According to Circular 2 of 2013, the Circular No 1 of 2013, was issued to regulate and standardise tax treatment of joint ventures in which one of the partners is a non-resident person. The Board has been notified of an important omission in the text of the aforementioned circular. Accordingly, the words “clauses (a) and (b) of Section 153 of the Income Tax Ordinance, 2001” inadvertently appearing in line No 4 of para 2 of Circular No 01 of 2013, dated January 18, 2013, are replaced with words “under Sub-section (1) of Section 153 of the Income Tax Ordinance, 2001”. Rest of Circular No 01 of 2013 holds good in entirety, FBR added. Meanwhile, FBR Union central president Mian Abdul Qayyum while addressing a press conference, here at RTO on Monday appreciated the FBR Chairman for withdrawing tax exemption for AOPs, however, he demanded the authorities to also recover the dues from these companies which turn into billions of rupees.
He said that when Non-Resident Persons enter into JV with locals, as per Income Tax Ordinance (ITO) section 84, their status changes to Resident Persons and they are bound to pay tax under section 153 (I) (c) of the ITO 2001. He said such foreigners or their companies, then, can neither claim any kind of refund nor can avail any exemptions and they are bound to pay full taxes on all kinds of contractual transactions.
He said that the FBR Union tried to unveil the scandal of Rs300 billion per annum loss to national kitty which some FBR high-ups were trying to cover up.
He said the union had unearthed over 1,200 such resident companies which were not paying taxes despite some of them have lost cases in the court of Federal Tax Ombudsman (FTO).
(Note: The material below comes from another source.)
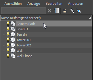 - Klicken Sie im Szenen-Explorer, um den Kamerapfad auszuwählen. Das Kamerapfad-Objekt ist ein Spline, dem die Kamera folgen soll.

Following the FTO decisions in favour of the department, the FBR, instead of issuing a circular to collect taxes, was favouring them by keeping silent.
He also proposed that the said cases may be re-opened under section 122 for the last five years and also retrieve the loss of revenue in trillions of rupees.
He, while quoting the experts, said that keeping in view the provisions of section 84, 92, 153 and 169 of the ITO, 2001 read with Pakistan Engineering Council bye-Laws, 1987, all non-residents have constituted AOPs for all projects in Pakistan which can be verified by obtaining copies of contracts from Pakistan Engineering Council, Islamabad, therefore, tax deducted from Joint Ventures or Association of Persons is a final tax. Hence, neither exemption certificate nor refund in these cases may be issued.
He said it is expected that FBR can retrieve the loss of revenue approximately in 1200 cases of alike nature of non-residents. Mian Abdul Qayyum, observed that FRAEU would keep on its strenuous efforts in the best interest of revenue accountable to govt exchequer along with having observance of common interests of the FBR.